Projects that cling to pure Web3 conceptualism without embracing the pragmatism of Web2 risk missing out on the next wave of AI Agent innovation. The future of AI lies in the intersection of these two worlds, where the ideals of Web3 are tempered by the practicality of Web2. A balanced approach is essential for building successful and sustainable Web3 AI applications.

The Web3 AI community needs to be more open to collaboration and experimentation.
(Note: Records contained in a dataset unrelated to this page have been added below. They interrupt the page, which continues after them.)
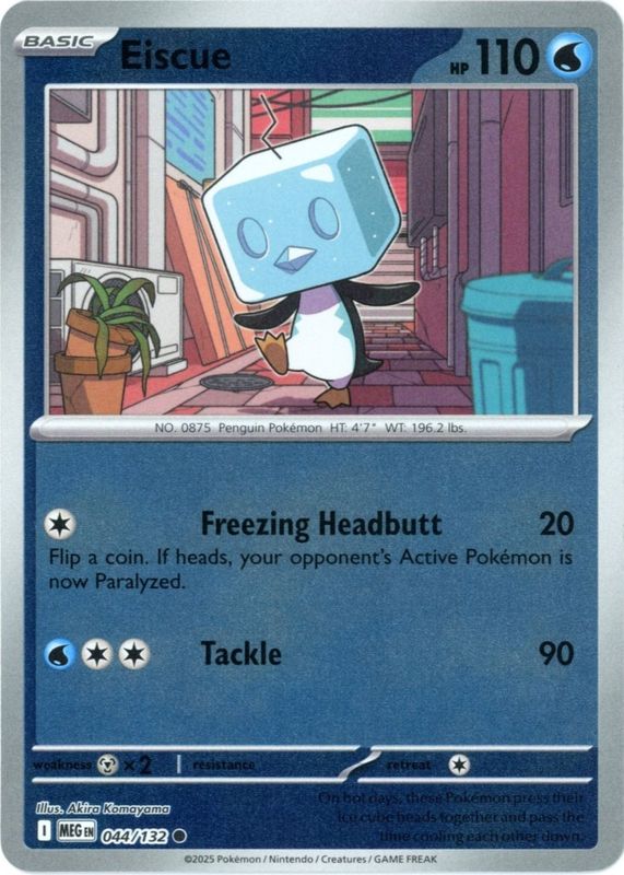 The Eiscue 2025 Mega Evolution #044/132 Reverse Holo card in Raw TCG (Lightly Played) condition has not changed in price in the last 30 days and was last sold for $2.99 .
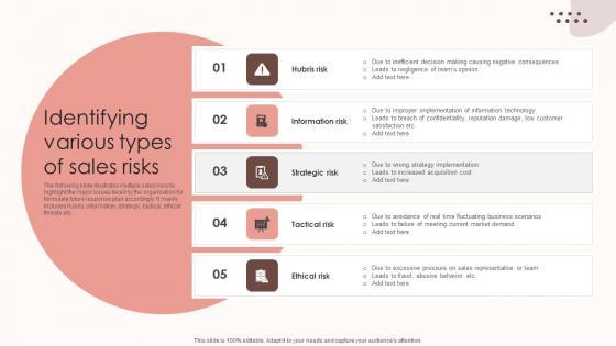 The following slide illustrates multiple sales risks to highlight the major issues faced by the organization for formulate future response plan accordingly. It mainly includes hubris, information, strategic, tactical, ethical threats etc. This modern and well arranged Identifying Various Types Of Sales Risks Topics PDF provides lots of creative possibilities. It is very simple to customize and edit with the Powerpoint Software. Just drag and drop your pictures into the shapes. All facets of this template can be edited with Powerpoint no extra software is necessary. Add your own material, put your images in the places assigned for them, adjust the colors, and then you can show your slides to the world, with an animated slide included.
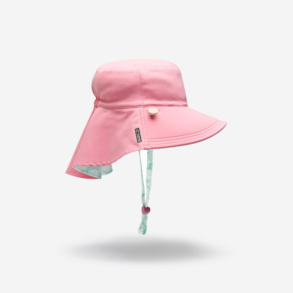 Δεν χρειάζεται να διαλέξετε το σκέτο ή εμπριμέ! Αυτό το καπέλο διπλής όψης με ρυθμιζόμενο κορδόνι προσφέρει απόλυτη αντηλιακή προστασία σε κεφάλι, αυχένα & αυτιά του βρέφους/παιδιού. Σε δύο μεγέθη.
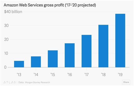 摩根士丹利预计亚马逊AWS毛利在2020年会达到400亿美元,同时表示了如果亚马逊的市值能达到万亿,那么AWS将值2700亿美元,因此推断AWS的前瞻PS大约是6.75倍。
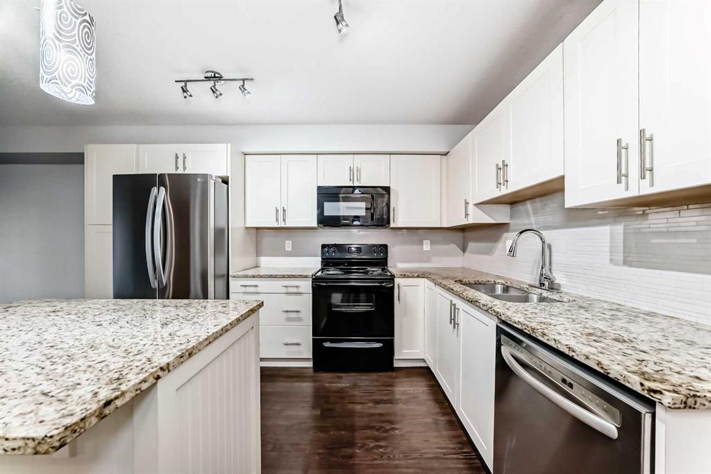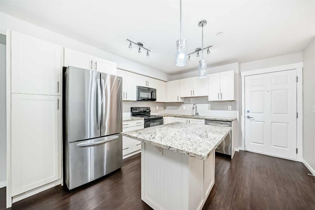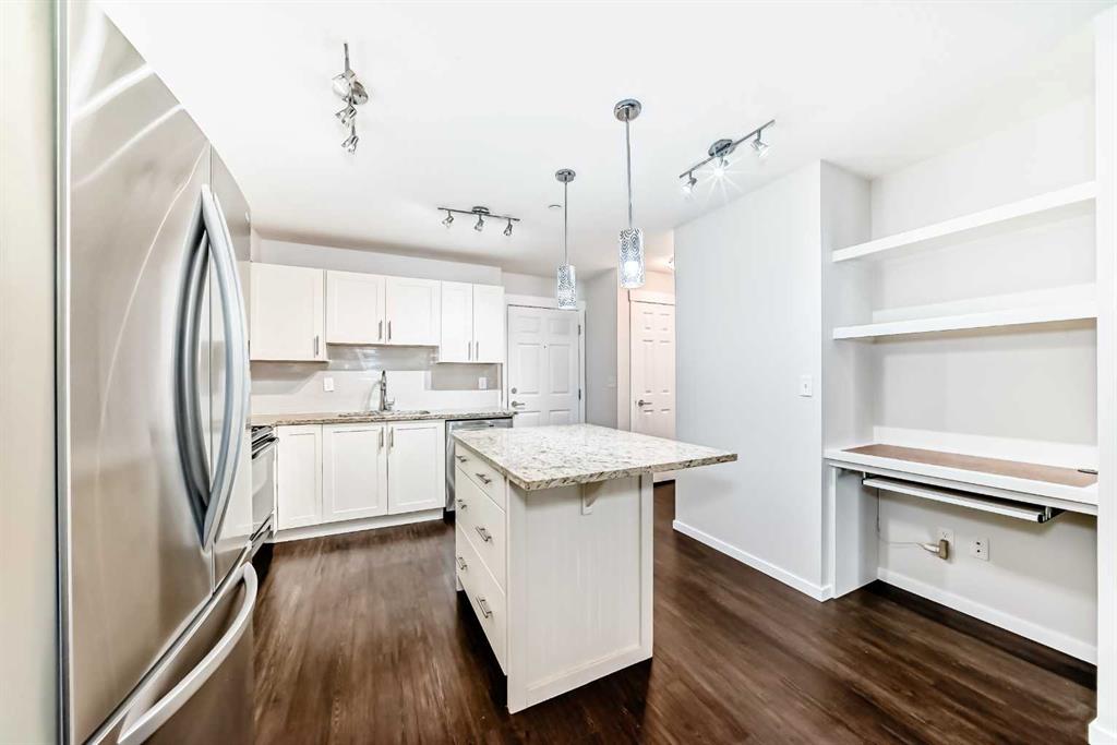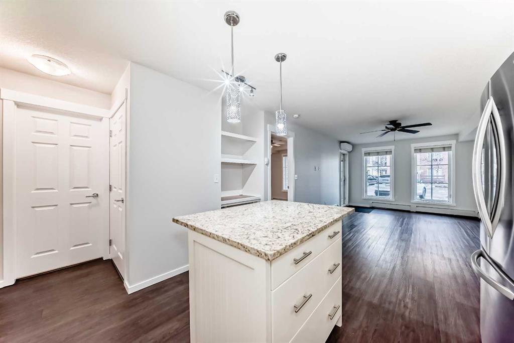 Welcome to this meticulously maintained ground floor unit! This one has it all! Fresh paint throughout, upgraded lights, granite countertops, kitchen island with room for 3 stools, upgraded fridge and dishwasher, plenty of cabinet and counter space as well as tiled backsplash and a pantry closet! As you make your way into the living areas you have a huge living room with an access door out to the private patio area that has a gas hook up for your BBQ and there is also a desk area next to the kitchen that's perfect for a work from home professional! The bedroom is a good size and has a walk through closet with built ins that connects to the full bathroom. If that wasn't enough there is a doggie "potty station", fire pit for the residents, TITLED parking, Central A/C, separate storage down in the parkade area and this unit is close to all of the areas amenities, parks, playgrounds, major roadways, 130th shopping centre, The South Health Campus, the YMCA, off leash dog parks and so much more! This one is priced to sell and just awaiting a new owner to love it!

By embracing the lessons learned from Web2 and incorporating them into their development processes, they can avoid the pitfalls of pure conceptualism and build AI applications that are both innovative and practical.

The Future of AI Agents: A Synthesis of Ideals and Pragmatism

In a nutshell, the new momentum of the next wave of AI Agent is brewing, but it is no longer the pure narrative and concept-hyping posture of the past, but must be supported by pragmatism and application landing. This shift towards practicality is driven by the growing demand for real-world solutions and the increasing maturity of the Web3 ecosystem.

The future of AI Agents lies in a synthesis of ideals and pragmatism. By combining the visionary goals of Web3 with the practical approach of Web2, we can create a new generation of AI-powered applications that are both innovative and impactful. The next wave of AI Agent development will be driven by practical applications and real-world value, not just hype and empty promises. It is an era of concrete achievements. Web3 AI agent is ready to take off.